To start using live migration in your cloud, First thing is to ensure is that you are using a nova hypervisor with Live migration support. Some examples are QEMU/KVM, Xen...

Now before digging deep into live migration, Here is an overview of different types of VMs One can create with Openstack.

  • Boot a VM from Image: This basically creates an ephemeral disk from the chosen glance image.
  • Boot a VM from Volume: Boots an instance from an existing bootable volume.
  • Boot a VM from Image (create a new volume): Creates a bootable volume from the image and boot instance from it.

Any VM that is booted from a volume is called volume backed VM. I would also call it a VM with remote Volume since the root disk Volume resides in another host than the compute node (the cinder volume host).

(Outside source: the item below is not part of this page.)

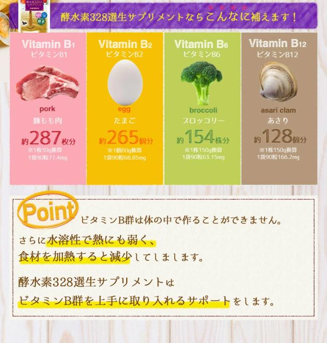 ビタミンB1:150〜300% ビタミンB2:150〜300% ビタミンB6:150〜300% ビタミンB12:150〜300%

VMs with root disks being ephemeral are called block based VMs. The root disk of the VM is local to the VM itself and live on the same host as the local hypervisor managing the VM.

Now that we know how to classify different VMs in our cloud, let's take a look on the nova live migration feature and how we can use it.

We can categorize live migration into three sets:

  • Shared storage based live migration: local and remote hypervisors have access to same backend storage(e.g ceph, NFS..).
  • Non shared volume storage based live migration: VMs here are volume backed and does not require shared storage.
  • Non shared block live migration: VMs root disks are ephemeral image-based and does not require shared storage.

Live migration with shared storage / Non shared volume storage

To recall, in case of shared storage, nova should have a shared storage backend typically CEPH which all compute nodes can have access to. This can also be the backend for glance and cinder volumes.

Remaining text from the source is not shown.